- _Task description_: In the entries below, begin at the line with "cerveza (o 7)." and stop after the line with "26³â 2¿ù ·Ôµ¥ÇÏÀ̸¶Æ®"; output those lines exactly and omit the pictures.

- _Records to process_:
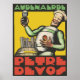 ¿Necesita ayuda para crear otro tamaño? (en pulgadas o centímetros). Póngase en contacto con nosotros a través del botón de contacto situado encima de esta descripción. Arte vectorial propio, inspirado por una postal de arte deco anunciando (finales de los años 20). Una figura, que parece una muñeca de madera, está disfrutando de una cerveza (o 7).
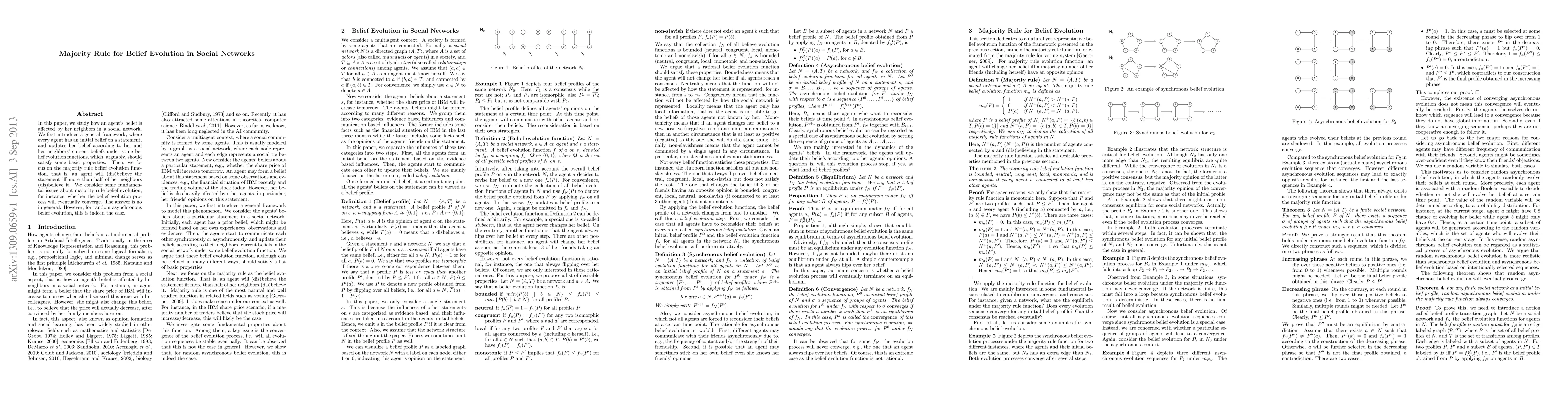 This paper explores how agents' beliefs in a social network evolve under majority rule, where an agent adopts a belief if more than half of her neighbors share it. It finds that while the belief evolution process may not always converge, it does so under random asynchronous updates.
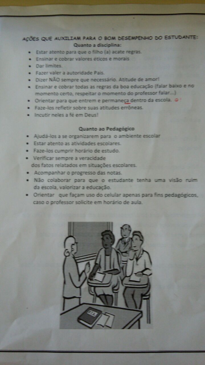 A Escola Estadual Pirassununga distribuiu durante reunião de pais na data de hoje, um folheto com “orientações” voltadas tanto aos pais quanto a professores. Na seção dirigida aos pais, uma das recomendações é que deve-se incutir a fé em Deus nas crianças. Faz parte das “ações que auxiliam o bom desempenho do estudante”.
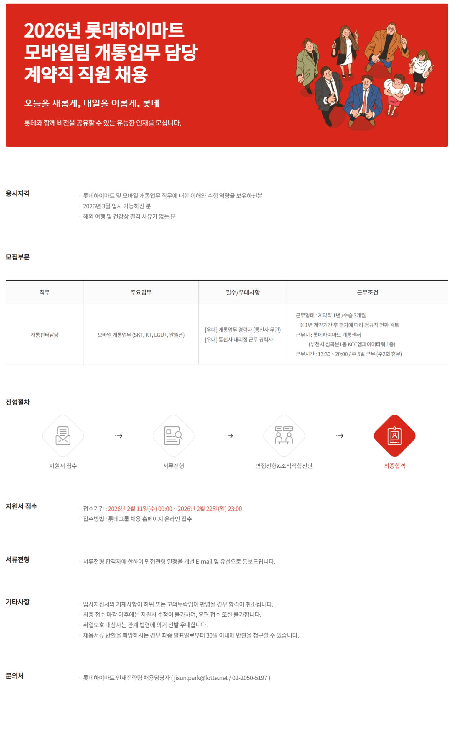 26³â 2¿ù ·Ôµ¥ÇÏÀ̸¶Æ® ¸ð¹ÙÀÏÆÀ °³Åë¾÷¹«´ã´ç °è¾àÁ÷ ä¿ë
---
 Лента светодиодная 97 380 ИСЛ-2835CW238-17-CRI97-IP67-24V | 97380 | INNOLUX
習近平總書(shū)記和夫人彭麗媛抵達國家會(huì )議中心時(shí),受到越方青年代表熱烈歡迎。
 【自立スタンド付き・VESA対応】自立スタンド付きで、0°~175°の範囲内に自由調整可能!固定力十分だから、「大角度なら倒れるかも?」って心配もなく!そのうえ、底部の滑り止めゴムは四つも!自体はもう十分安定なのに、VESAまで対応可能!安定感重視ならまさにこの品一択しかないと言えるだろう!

- _Reply_:
 ¿Necesita ayuda para crear otro tamaño? (en pulgadas o centímetros). Póngase en contacto con nosotros a través del botón de contacto situado encima de esta descripción. Arte vectorial propio, inspirado por una postal de arte deco anunciando (finales de los años 20). Una figura, que parece una muñeca de madera, está disfrutando de una cerveza (o 7).
 This paper explores how agents' beliefs in a social network evolve under majority rule, where an agent adopts a belief if more than half of her neighbors share it. It finds that while the belief evolution process may not always converge, it does so under random asynchronous updates.
 A Escola Estadual Pirassununga distribuiu durante reunião de pais na data de hoje, um folheto com “orientações” voltadas tanto aos pais quanto a professores. Na seção dirigida aos pais, uma das recomendações é que deve-se incutir a fé em Deus nas crianças. Faz parte das “ações que auxiliam o bom desempenho do estudante”.
 26³â 2¿ù ·Ôµ¥ÇÏÀ̸¶Æ® ¸ð¹ÙÀÏÆÀ °³Åë¾÷¹«´ã´ç °è¾àÁ÷ ä¿ë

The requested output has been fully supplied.